Biogas distribution network approved
Dairy Herd news source
| Thursday, November 20, 2008
The first biogas distribution network in the nation has been approved in Kern County California. This project will link up nine farms to generate electricity for California homes. The project is headed up by BioEnergy Solutions in Bakersfield, Calif. Construction will begin in early 2009.
Three of the nine farms have already agreed to supply biogas to the network: C&R Vanderham Dairy, Whiteside Dairy and Vermeer and Goedhart Dairy. The combined herd of 6,500-cows is expected to produce 615,000 cubic feet of natural gas a day, enough to generate power for 3,000 California homes.
BioEnergy Solutions will construct an underground pipeline linking the dairies. Biogas from the farms will be transported through the pipeline to an upgrade facility located at the Vermeer and Goedhart Dairy in Shafter, Calif.
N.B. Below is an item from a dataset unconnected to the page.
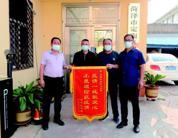 8月10日,定陶区滨河街道办事处建华社区党支部书记郭祥金将一面“疫情一线献爱心,不畏艰险抗疫情”的锦旗交给区自来水公司经理蔡全福手中,对区自来水公司在疫情防控期间给予的爱心帮助表示衷心的感谢。

Manure will be mixed with water and flushed into a large covered lagoon on each farm. As the manure breaks down methane gas will be captured and delivered through an underground pipeline to the purification facility to remove its corrosive materials and upgrade it to utility standards. The resulting renewable natural gas, more than 99 percent pure methane, will be pressurized and delivered into the Pacific Gas & Electric pipeline for use in the production of energy for residential customers in northern and central California.
The nine-farm network could include as many as 26,700-cows, 17 percent of the dairy herd population in Kern County, and produce enough clean-burning natural gas to meet the energy needs of 12,000 California homes. This cluster of dairies could also reduce the equivalent of 220,000 tons of carbon dioxide annually, which is the same as taking 38,500 cars off local roads.